Жеглов спросил меня, медленно, как будто между прочим:

— Ты чего молчишь? Устал? Или чем недоволен?

Я поерзал, ответил уклончиво:

— Да как тебе сказать… Сам не знаю…

— А ты спроси себя — и узнаешь!

Я помолчал мгновение, собрался с духом и тяжело, будто языком камни ворочал, сказал:

— Недоволен я… Не к лицу нам… Как ты с Кирпичом…

— Что-о? — безмерно удивился Жеглов. — Что ты сказал?

— Я сказал… — окрепшим голосом произнес я, перешагнув первую, самую невыносимую ступень выдачи неприятной правды в глаза. — Я сказал, что мы, работники МУРа, не можем действовать шельмовскими методами!

Жеглов так удивился, что даже не осерчал. Он озадаченно спросил:

— Ты что, белены объелся? О чем ты говоришь?

— Я говорю про кошелек, который ты засунул Кирпичу за пазуху.

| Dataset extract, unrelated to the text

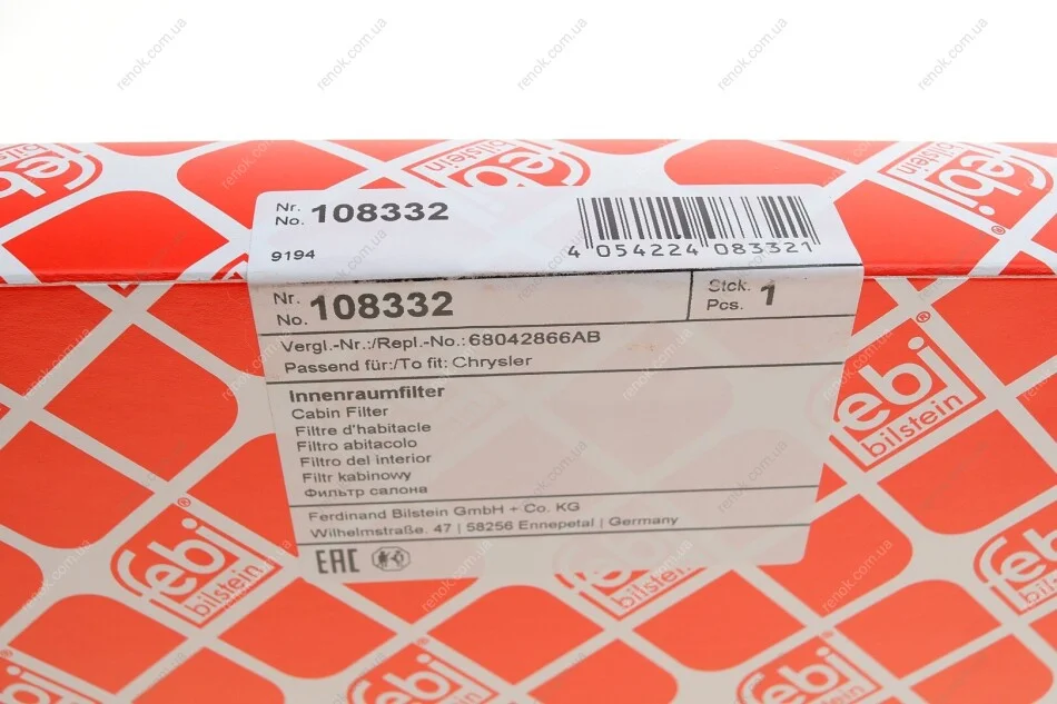 Фільтр салону Chrysler Grand Voyager 2.8CRDI/3.6 24V 07- FEBI BILSTEIN 108332 (278913YF0A, 278913YF1A, K68042866AA)

— А-а-а! — протянул Жеглов, и когда он заговорил, то удивился я, потому что в один миг горло Жеглова превратилось в изложницу, изливающую не слова, а искрящуюся от накала сталь: — Ты верно заметил, особенно если учесть твое право говорить от имени всех работников МУРа. Это ведь ты вместе с нами, работниками МУРа, вынимал из петли мать троих детей, которая повесилась оттого, что такой вот Кирпич украл все карточки и деньги. Это ты на обысках находил у них миллионы, когда весь народ надрывался для фронта. Это тебе они в спину стреляли по ночам на улицах! Это через тебя они вогнали нож прямо в сердце Векшину!

Ну и я уже налился свинцово-тяжелой злой кровью:

— Я, между прочим, в это время не на продуктовой базе подъедался, а четыре года по окопам на передовой просидел, да по минным полям, да через проволочные заграждения!.. И стреляли в меня, и ножи совали — не хуже, чем в тебя! И, может, оперативной смекалки я начисто не имею, но хорошо знаю — у нас на фронте этому быстро учились, — что такое честь офицера!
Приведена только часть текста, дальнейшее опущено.